Prior to randomization, each patients’ electronic health records are reviewed to determine whether nonadherence has been misidentified by pharmacy claims. Given that not all possible reasons for nonadherence can be found in record review and the possibility that reasons are overlooked, some patients are erroneously enrolled in the study with the presumption of true nonadherence. Though these instances are not identifiable in the control arm, they will likely be identified in the intervention arm where a baseline assessment is utilized to identify reasons for nonadherence. We are not excluding patients based on such findings to prevent bias and to maintain the integrity of randomization.

This study targets patients established on specialty medications. Proactively identifying and addressing potential adherence barriers at the initiation of medication would be ideal to prevent future nonadherence. We hope to use learnings from this study, namely a better understanding of barriers and impact of various interventions, to inform future study designs targeted to patients starting specialty therapies. Additionally, if study results are positive, future research could utilize various implementation science methods to assess the process and outcomes of implementing the intervention into normal practice.

Our study is limited to the impact of a pharmacist on patients’ adherence to their specialty medications. In our embedded pharmacist model, most of our pharmacists work alongside the prescribers in their clinic and are often used by the prescriber to address medication-related issues. Despite this, we acknowledge that the prescriber plays an important role in identifying and addressing medication nonadherence. Our study does not address the role of the prescriber in our methods and cannot account for the impact of nonpharmacist providers on medication adherence.

3.3 Anticipated Learnings

Upon completion, this trial will answer the question of whether providing a complex, patient-tailored adherence intervention increases adherence to specialty medications. Additional questions that this study will inform include the following: How often are specialty patients misidentified as nonadherent when utilizing pharmacy claims alone? What are the reasons patients may be misidentified as nonadherent based on pharmacy claims? What are the reasons for true nonadherence in a variety of specialty disease states?

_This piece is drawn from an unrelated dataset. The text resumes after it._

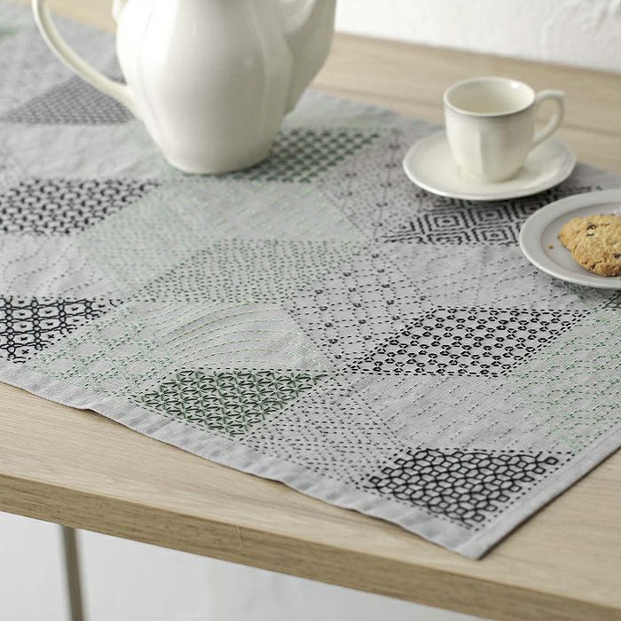 グレー地のスラブコットンに6色の刺し子糸で菱形を立方体に見えるように刺し分けます。多様な図案を楽しめるおしゃれクロスで、テーブルや飾り棚をシックに模様替え。

Given the growing evidence that reasons for nonadherence are multifactorial, this trial will evaluate the effectiveness of adherence interventions tailored to patient-specific reasons for nonadherence [3, 23, 26]. If the intervention is effective, specialty pharmacies may consider providing a focused adherence service similar to that which we describe. The descriptive analysis of rate of and reasons for misidentified nonadherence will inform a more accurate understanding of the shortcomings of calculating adherence based on pharmacy claims alone.